Preliminary observations suggested that mitochondria isolated from mycelia that were not growing in exponential phase did not show such a noticeable effect of EDTA on their structure as demonstrated by negative staining. The reason for this difference in structure between mitochondria isolated from the non-exponential phase of growth and from the exponential phase of growth is not apparent from the results of present investigation. It is conceivable that there may be differences in the permeability properties of mitochondria in the two phases of growth of Neurospora, which impart different spreading properties to the mitochondria of these phases. Mitochondria from the non-exponential phase isolated in sucrose containing EDTA and stained with phosphotungstate probably swell more than the mitochondria similarly prepared from the exponential phase. This difference in the degree of swelling may affect the morphological state of the elementary particles to the extent that they could be demonstrated by electron microscopy in one phase but not in the other.

Mitochondria isolated from exponentially growing mycelia and spread on the surface of an aqueous solution (with or without phosphotungstate, see Materials and Methods) show structural features different from mitochondria stained directly on the grid. Neither type of mitochondrial preparation, that is, with or without EDTA, would spread easily as compared with mitochondria from, for example, liver (see Parsons, 1965). Both kinds of mitochondrial preparation spread and stained in this way looked very similar to those illustrated in Figs. 1 and 2 or like Fig. 7, and the stalked elementary particles were not shown. Apparently the poor spreading left the mitochondria in a state such that the stalked elementary particles were not demonstrable. The difficulty in demonstrating the stalked elementary particles in mitochondria isolated with EDTA and stained by the first described method—that is, directly on the grids without spreading on the surface of an aqueous solution—also may have been a result of high density (tight packing) of the contents of the mitochondrial matrix and membranous material as a consequence of poor spreading.

Mitochondria isolated from the poky Neurospora mutant spread out easily on the surface of aqueous solution (observations made in collaboration with K. B. Easterbrook), perhaps as a result of the differences in biochemical composition as compared to wild-type (see Materials and Methods). When spread on the surface of an aqueous solution and stained with phosphotungstate, poky mitochondria isolated with EDTA clearly showed the stalked elementary particles (Fig. 6); but if these mitochondria were stained on the grids, no stalked elementary particles were observed. Judging from their distribution in electron micrographs, the stalked elementary particles seem to be fewer in mitochondria from the poky mutant (Fig. 6) than in mitochondria from the wild-type Neurospora (Figs. 4, 8) or from rat fiver (Fig. 10).

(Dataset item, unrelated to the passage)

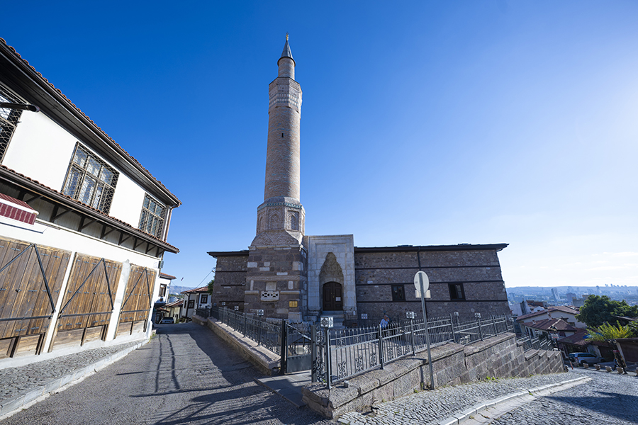Tarihi dokusu ve zarif süslemeleriyle öne çıkan Ahi Şerefeddin Camii, yüzyıllardır Ankara’nın manevi ve kültürel simgelerinden biri olmayı sürdürüyor.

The conclusion from this work is that the presence of EDTA during isolation directly or indirectly influences the physical state of the elementary particles in mitochondria, but that it does not greatly alter the capacity for oxidative phosphorylation. Furthermore the presence of stalked elementary particles may be dependent upon the physiological state of the mitochondria and the procedure of negative staining. Thus the apparent presence or absence of stalked elementary particles in electron micrographs may not in itself have a physiological significance.

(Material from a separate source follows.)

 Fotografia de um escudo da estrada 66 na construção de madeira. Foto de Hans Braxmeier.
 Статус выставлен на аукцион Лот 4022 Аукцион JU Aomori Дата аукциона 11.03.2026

We are grateful to Dr H. K. Mitchell for his valuable comments and advice in writing this manuscript. This work has been supported by grants from the U.S. Public Health Service (GM 06965), the National Science Foundation (GB 2055), and a U.S. Public Health Service Predoctoral Fellowship to R.T.E. (GM 19913).

All the electron micrographs included in this article are of mitochondrial fractions stained with potassium phosphotungstate (pH 6 ·8–7) on the Formvar or Parlodion and carbon-coated grids, except Fig. 6 which shows a mitochondrial fraction spread on the surface of distilled water and then picked up on the grid and stained in phosphotungstate (pH 7).